Bruno was another matter. But she could handle him.

Charlotte, of course, was an old warhorse, but Alexandra had amassed weapons that Charlotte had never dreamed of.

Jason had been a loose cannon. Andrew, she would have to study. Alexandra’s eyebrows knitted slightly. She’d made the mistake of overlooking him, but what a stroke of luck he might turn out to be. When he sank in over his head in the raging sea of politics, he’d be needing a friend.

On the dais, Charlotte picked up the gavel. The noise of the crowd dulled to a buzz, then a hum, then silence punctuated by a few coughs.

Chapter Thirty-seven

By the end of the week Rachel’s bruises were fading and Marty’s condition was improving. After visiting him on Friday, she was back in her glass booth before noon.
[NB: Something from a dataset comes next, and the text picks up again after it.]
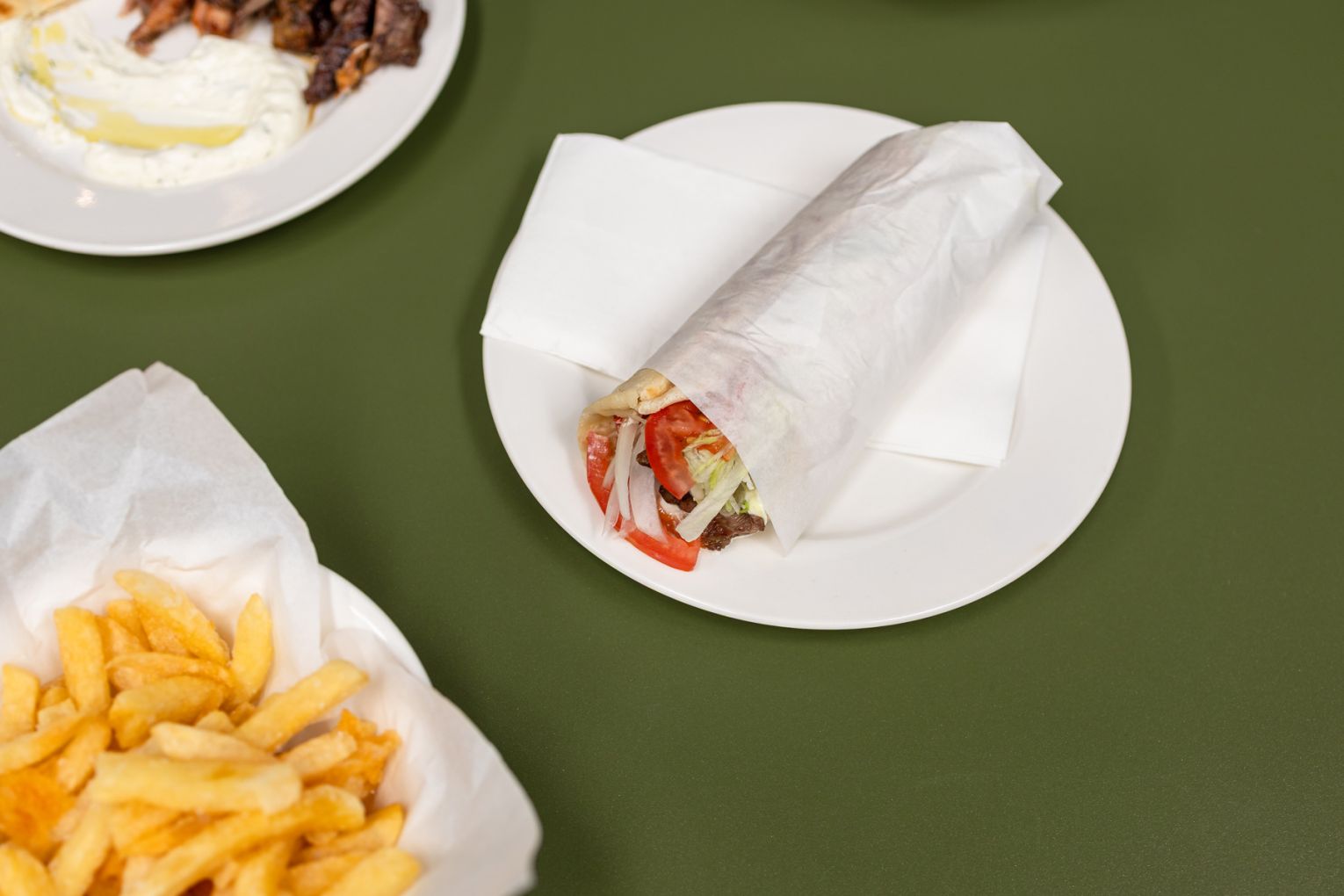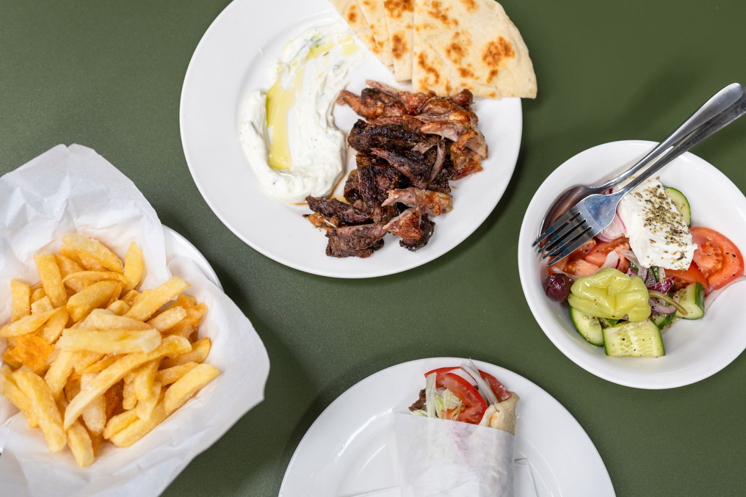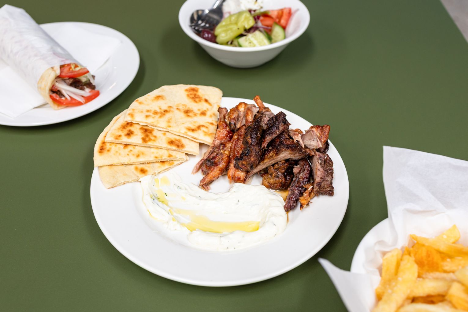 The offering is intentionally simple, centred on lamb and chicken yiros cooked slowly on the spit and served in house-made pita. Chips are hand cut and cooked three times for extra crunch, while sauces, marinades and dressings are all prepared on site. Yiros can be ordered wrapped or plated, with mixed plates available for sharing alongside warm pita, dips and classic sides.

She picked up the phone to postpone the meeting with Charlotte. Harry was dead. The car that killed Jason, or who checked it out when, didn’t seem to matter much anymore.

Rachel’s hand poised over the buttons to dial, then she put the receiver down. Charlotte seemed like a decent sort. She probably had questions she wanted to ask Rachel. Why not keep the appointment?

Until the panel truck had circled the parking garage for the third time, she didn’t bother to look up from her paperwork. It was the sort of van used by plumbers, but sloppily painted a flat white like a billboard between advertisements. It seemed almost eerily amorphous.

Her eyes followed the truck as it again rounded the curve to the next level. A rash of car thefts had recently hit downtown LA. Was this a reconnaissance? When it passed her booth yet again, she stared after it uneasily, trying to read the license number, but the plate was covered with mud.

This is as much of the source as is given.